The significance of CYP11A1 expression in skin physiology and pathology

Abstract

CYP11A1, a member of the cytochrome P450 family, plays several key roles in the human body. It catalyzes the first and rate-limiting step in steroidogenesis, converting cholesterol to pregnenolone. Aside from the classical steroidogenic tissues such as the adrenals, gonads and placenta, CYP11A1 has also been found in the brain, gastrointestinal tract, immune systems, and finally the skin. CYP11A1 activity in the skin is regulated predominately by StAR protein and hence cholesterol levels in the mitochondria. However, UVB, UVC, CRH, ACTH, cAMP, and cytokines IL-1, IL-6 and TNFα can also regulate its expression and activity. Indeed, CYP11A1 plays several critical roles in the skin through its initiation of local steroidogenesis and specific metabolism of vitamin D, lumisterol, and 7-dehydrocholesterol. Products of these pathways regulate the protective barrier and skin immune functions in a context-dependent fashion through interactions with a number of receptors. Disturbances in CYP11A1 activity can lead to skin pathology.

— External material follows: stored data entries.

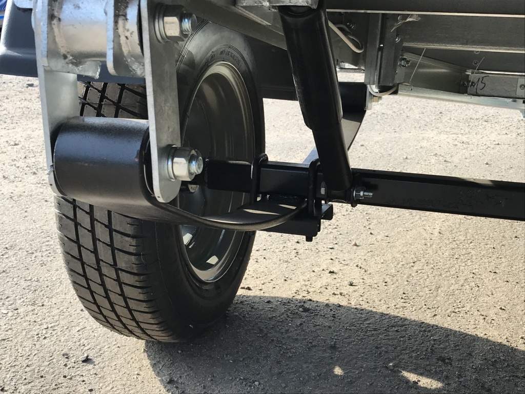 Прицеп комплектуется 1-на листовой рессорой Газель. На полу влагостойкая фанера толщиной 9мм. Ступица ВАЗ-2108, амортизаторы ВАЗ 2101. Ось прицепа квадратного сечения, что увеличивает прочность по сравнению с осью круглого сечения. Прицеп оборудован стандартным набором световых приборов.
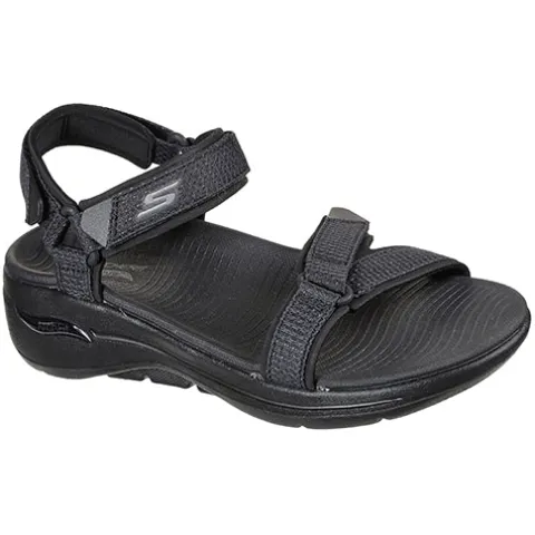 Dejlig og komfortabel Go Walk Arch Fit – Cruise Around sandal med en overdel af tekstil og syntet. Sandalen lukkes med tre velcroremme (forfod, vrist og hæl). Den bløde og komfortable Arch Fit-indersål har svangstøtte, er meget stødabsorberende og former sig efter foden, imens Skechers Contoured Heel-teknologi sørger for, at hælskålen stabiliserer og holder foden på plads i sandalen samt gør sandalen behagelig at have på hele dagen. Den fleksible og lette ydersål giver et godt greb og er stødabsorberende med Ultra Go-støddæmpning. Kan maskinvaskes ved maks. 30 grader.
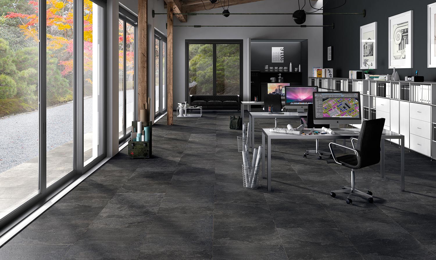 The Black Board porcelain tile of the Pietre Naturali collection displays elegant shades and textures in rich black color. Apply this unique personality to your next design or architectural project.
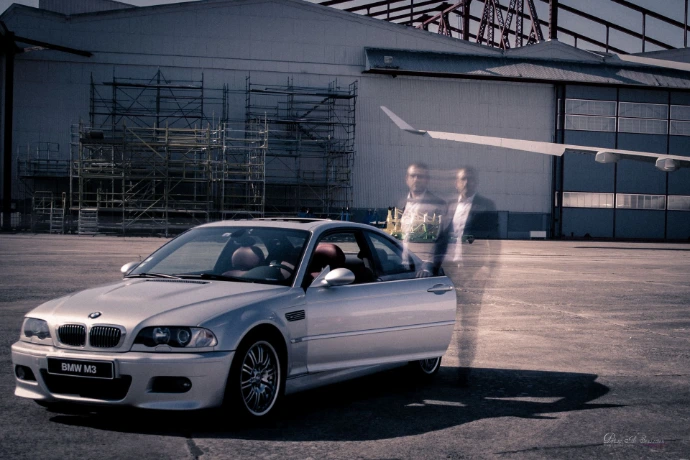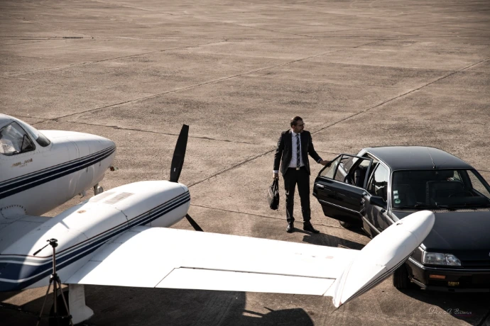 Puis, j'ai rencontré mon second client, Pascal Girard, ancien directeur de BMW-Axia et passionné d'automobile. Il m'a parlé de son projet de reconversion et j'ai immédiatement imaginé des mises en scène cinématographiques, loin des photos commerciales classiques. Je rêvais d'une scène digne d'un grand film d'action hollywoodien, avec des avions partout. Au début, mes idées semblaient folles, mais il a fini par se laisser emporter par mon enthousiasme.
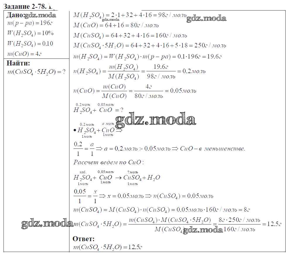 ГДЗ решение к заданию № 2-78 Химия 9 класс задачник Кузнецова Н.Е. Вентана-граф 2015 ФГОС бесплатно на гдз.мода!
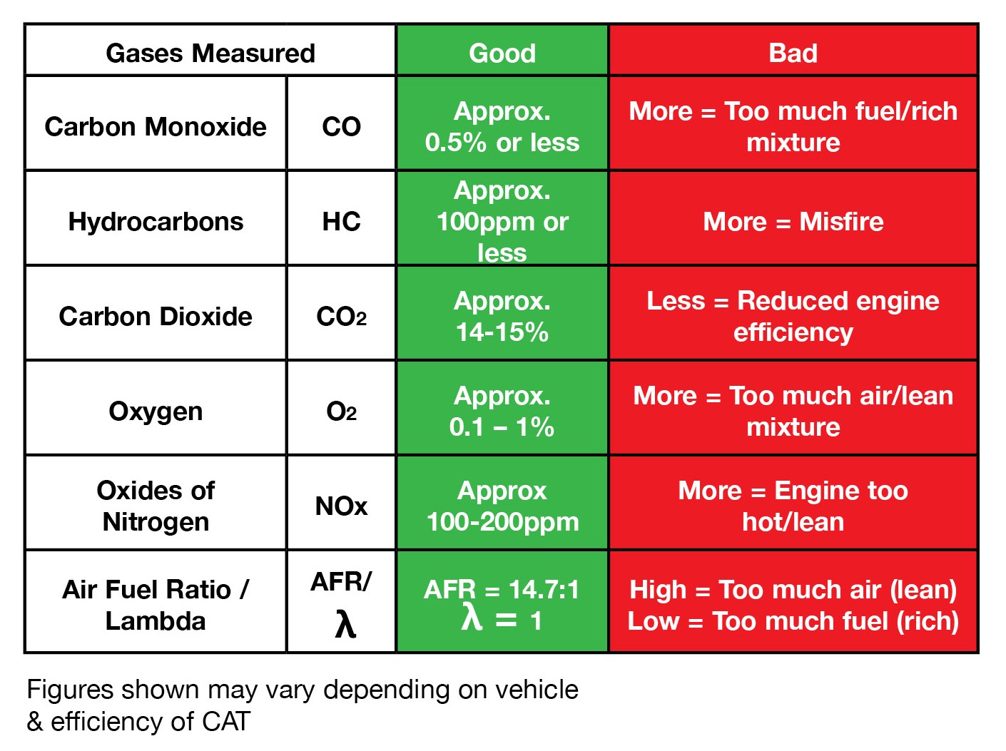 • If CO is over 0.5%, engine is fuel rich, wasting money & pollution
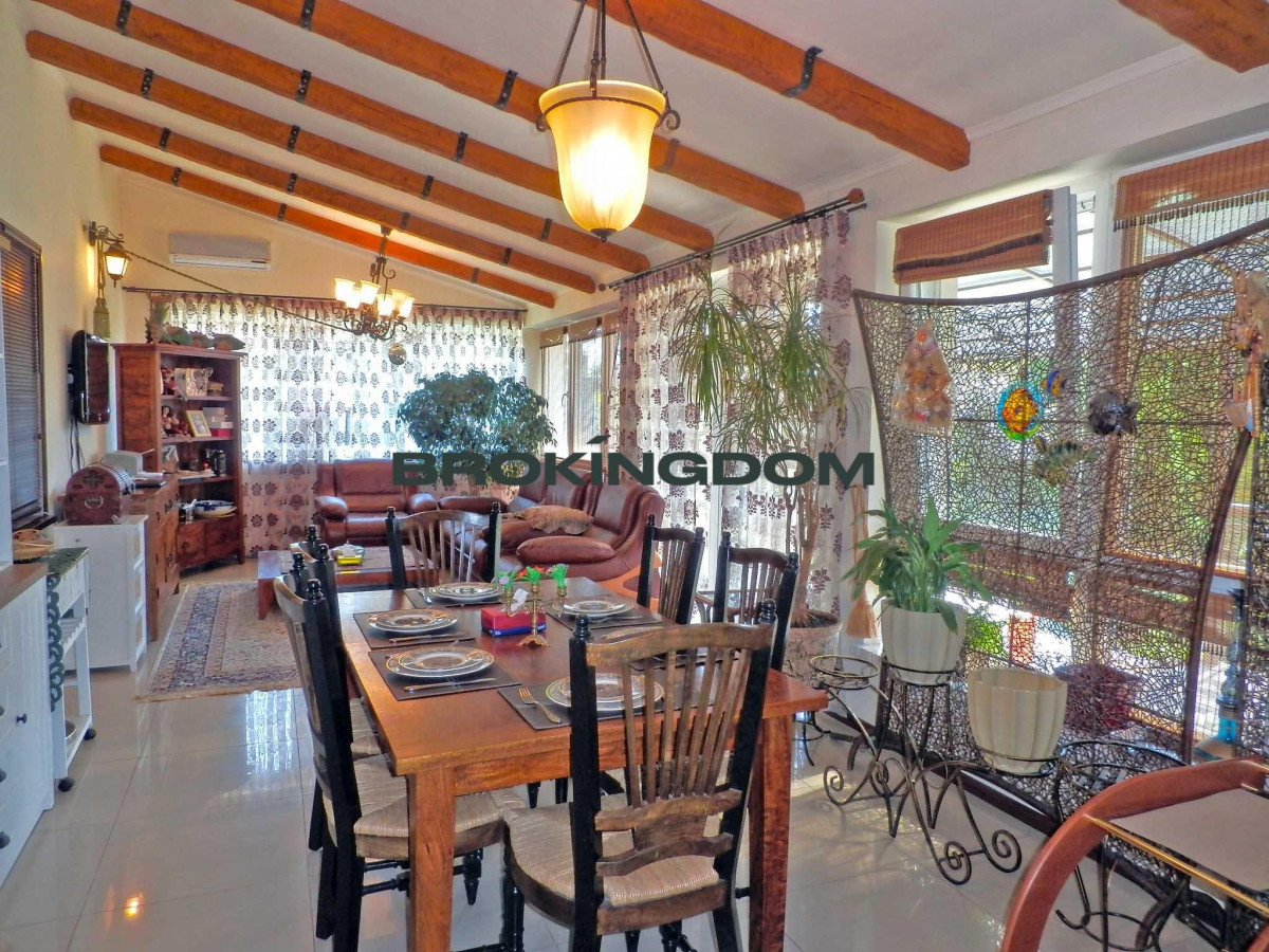1 этаж: гостиная с КАМИНОМ, кабинет (или спальня), кухня с выходом на зимнюю ТЕРРАСУ со столовой (с отоплением, кондиционером), ТЕРРАСА открытая, БАССЕЙН, САУНА (электр.), санузел (душ, туалет). Отдельный вход сбоку дома в техническое помещение (газовый 2-х контурный котел, фильтрация воды, .).
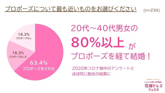 令和カップルの80%以上がプロポーズを経て結婚しており、コロナ禍より5%増える結果に!(2020年調査のプロポーズ実施率:76.7%)
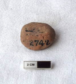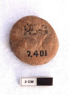 | Description / विवरण | It is an almost circular terracotta sealing of baked clay, the impression is not clear due to weathering. The impression of two deer and a wheel in-between is observed. |
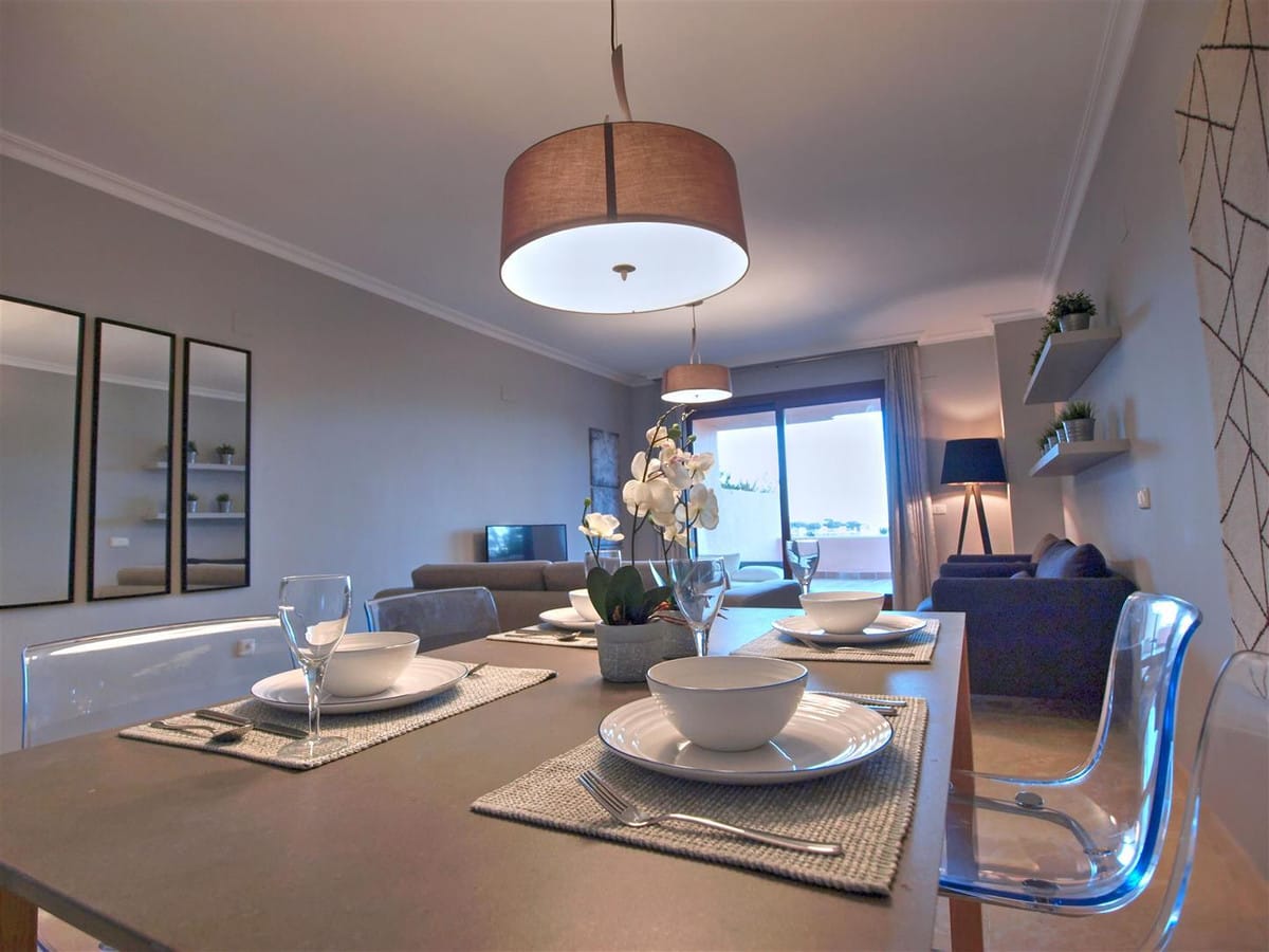 Wszystkie pokoje są wykończone w marmurze, a wnętrze stylowe i przemyślane. Dodatkowo, mieszkanie znajduje się w prestiżowej społeczności, oferując dostęp do klubu, siłowni, sauny oraz pola golfowego.
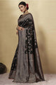 Dhiyona GR Women's GJ Black Berry Soot Black Zari Woven Design Cotton Blend Saree

Keywords: CYP11A1; Corticosteroid biosynthesis; Hypothalamo-pituitaryadrenal axis; Lumisterol; Neuroendocrine functions of the skin; Secosteroids; Skin; Skin barrier function; Skin immune activity; Steroids.

Figure 1.

CYP11A1 activities in the skin. A. CYP11A1 receives electrons form its redox partners to cleave the side chain of cholesterol producing pregnenolone which is converted to other steroids by cell/tissue specific pathways. B. CYP11A1 can act on endogenous sterols and secosteroids in the skin. The major products from cholesterol and 7DHC have their side chain removed whereas little cleavage of the side chain occurs for lumisterol and no cleavage occurs for vitamin D3. Major products from each substrate are shown in bold font. The stereochemistry of products is shown, where known. 7DHC, 7-dehydrocholesterol; lumisterol, lumisterol3. More details on these reactions can be found in (Slominski et al., 2015a; 2020a; Tuckey et al., 2011; Tuckey et al., 2019).

Figure 2.

Immunofluorescent staining of CYP11A1 (P450scc) in skin with and without UV treatment. A shows the human skin and the levels of CYP11A1 and its regulators CRH (corticotropin releasing hormone), PC1 (proconvertase-1), ACTH (adrenocorticotropic), B-END (β-endorphin), and GR (glucocorticoid receptor) after treatment with UVA, UVB, and UVC. Image taken from (Skobowiat et al., 2011) with permission from the publisher. B shows the CYP11A1 levels in the skin of C57BL6 mice and DBA/2J mice before and after treatment with UVB. Image taken from (Skobowiat et al., 2013a) with permission from the publisher.

Figure 3.

Production of cortisol in human skin cells. A. Corticotropin-releasing hormone (CRH) were shown to stimulate proopiomelanocortin (POMC) in melanocytes in a time dependent manner. The top graph shows CRH stimulating mRNA production of POMC. The white bar shows negative control while the black bar shows treatment with CRH. The bottom graph shows CRH stimulating ACTH production in a concentration dependent manner after 24 hours of treatment. B. Melanocytes were shown to produce cortisol. The top graph shows liquid chromatography-mass spectrometry (LC/MS) of cortisol control vs melanocyte extract. Notice that both of them have a peak of [M+H]+ at mass to charge ratio of 363 with retention time at 11 minutes. The last two graphs come from mass spectrometry fragmentation analysis and shows similarities between melanocytes extract (middle graph) and cortisol standard (bottom graph). C. CRH was shown to promote cortisol production in melanocytes in POMC and CRH-R1 dependent manner. D. Fibroblasts were shown to produce cortisol. The top graph shows liquid chromatography-mass spectrometry (LC/MS) of cortisol standard vs fibroblasts extract. Notice that both of them have a peak of [M+H]+ at mass to charge ratio of 363 with retention time at 11 minutes. The last two graphs come from mass spectrometry fragmentation analysis and shows similarities between fibroblast containing media (middle graph) and cortisol standard (bottom graph). Panels A, B, and C were taken with permission from the following article (Slominski at al. 2005c) and panel D was taken with permission from the publisher (Slominski et al., 2006b).

Figure 4.

Summary of the two-edged role that CYP11A1-derived compounds play in the human skin.